Montenegro procrastinating changes – a short break for Milo’s ruling clique
Montenegro has been in a state of deep political turmoil for half a year already. This crisis is manifested by frequent street protests against the regime and, above all, against its head, Montenegro’s seemingly eternal PM Milo Đukanović. Protests are led by the Democratic Front (DF) coalition, which is predominantly against entering the NATO, since its strongest party New Serb Democracy has very strong anti-Atlanticist agenda. The protests are stubborn and survived months of various kinds of pressures, media manipulations and police brutality.
Protest leaders want the government to resign as the dimensions of state corruption grew preposterously. Yet the main problem of Montenegro is not material but moral corruption and bankruptcy, centred on the question of Montenegrin identity. Montenegrins are Serbs, and this truth, ‘politically incorrect’ for the regime and its clients, is exactly what the ruling ideology is depriving Montenegrins from being. This ‘elephant in the room’ is not always mentioned in the protests, but it is in the underpinning issue visible in the protests visual and symbolism identity – flags people wave, songs they sing, slogans they chant. During the protests, in these small moments of liberty, when people can express themselves and vent some of the mounting frustrations they are forced to bear for years.
Serbophobia was a marginal discourse, but Đukanović mainstreamed it into state ideology.
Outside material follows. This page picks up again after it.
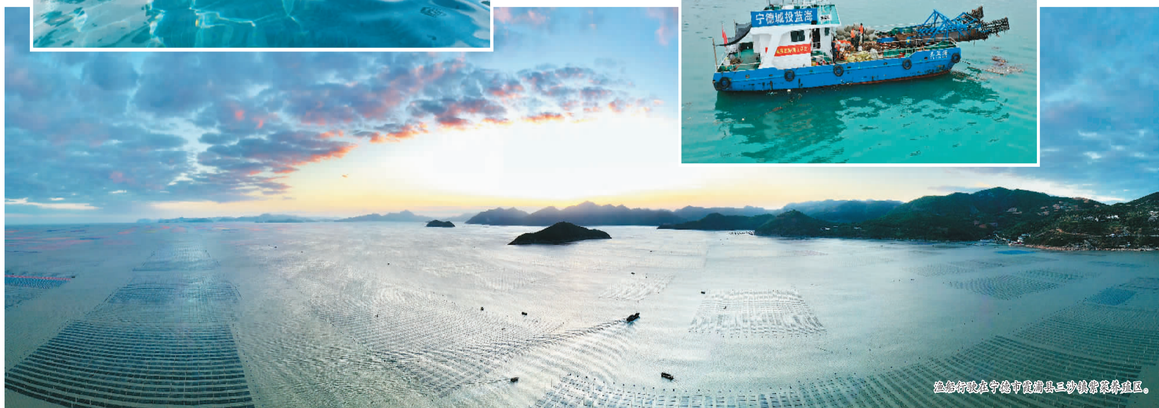
渔船行驶在宁德市霞浦县三沙镇紫菜养殖区。

Formerly a proud Serb himself—who came to power in the 1990s as a rising star of the Montenegrin section of the Communist Party—actually entered political stage riding on the wave of Serb sentiments of Montenegrins. Before the 1990s, during the era of communist Yugoslavia, Montenegrins were also persuaded not to be Serbs, officially being proclaimed a separate nation, according to the Leninist recipe of forming national republics in federal states. This however did not work and Serb identity burst out in the series of protests in late-1980s and early-1990s, when Đukanović portrayed himself as one of the most prominent young Serbs within the Communist Party.
But Đukanović turned coats over time for pragmatic reasons, making choices that kept him in power. Initially under the guise of opposing the undemocratic regime of his former political mentor Slobodan Milošević in late-1990s, Đukanović skilfully garnered the support of the political West, set on the course of fragmentation and atomisation of Yugoslavia and the Serbian space into statelets without sovereignty. After the highly irregular independence referendum of 2006, organised under the auspices of EU, which easily favoured geopolitics over its own proclaimed democratic standards, Serbophobia became the state policy. When Montenegro was separated from Serbia, the new task was the same as decades earlier, inventing Montenegrins. This time not as Serbs, ‘Serb Spartans’ as Montenegrins like to call themselves, but as a separate entity, different from and thus opposed to Serbs. Montenegrins in conflict with themselves. The 2007 constitution invented ‘Montenegrin language’, the use of Latin alphabet is being promoted at the expense of traditional Cyrillic, constant attempts are made to deprive Serbian Orthodox Church of its shrines and other property, while alternative interpretations of history are constantly being invented. The list of mainstreaming Serbophobic policies goes on.
The culmination of the protests came with NATO inviting Montenegro into its ranks. This is a very controversial issue, as Montenegrins vividly remember the 1999 NATO bombing. Milo wants the issue to be voted through the parliament, knowing he could not push this through a referendum, as the vast majority of citizens (including many of his own voters) are firmly against NATO.
Nevertheless, some of the ultra NATO supporting parties see Đukanović as a sinking ship, so they want to change teams, without changing their anti-Serb and pro-NATO policies. One of these is the Ranko Krivokapić, parliamentary speaker, hawkish Serbophobe and leader of a tiny far-right party, ironically named Social-Democratic Party (SDP), coalition partner of Đukanović for 18 years. Unlike Milo, whose Serbophobia come from political pragmatism, Krivokapić is a true believer.
After Krivokapić left Đukanović, Montenegrin PM found himself in a problem, as the vote of non-confidence came on parliamentary agenda. Without the votes of Krivokapić’s remaining loyalists (Đukanović previously made sure to carve out a part of SDP) the solution was found in four opposition MPs from the Positive Montenegro, another tiny Serbophobic party, with yet another bizarre name. These two voted for Đukanović’s government in exchange for petty privileges of its leaders. This however only bought some time for Đukanović, leaving all the problems in place, the identity issues still being that ‘elephant in the room’.
Political crisis will certainly continue and is likely to grow, so will the protests of citizens and parties that boycott the parliament. The votes of Positive Montenegro only procrastinate the agony. The bottom-line is that it is not enough to get rid of Đukanović regime for Montenegro to be liberated, if it is to be replaced with other NATO stooges, such as Krivokapić and co. The whole ‘Independent Montenegro’ project is based on an unnatural anti-Serb paradigm and should fail and fall together with Đukanović. Montenegro needs to come out of its nightmare and to come back to its Serb identity, while all other outcomes would be fake.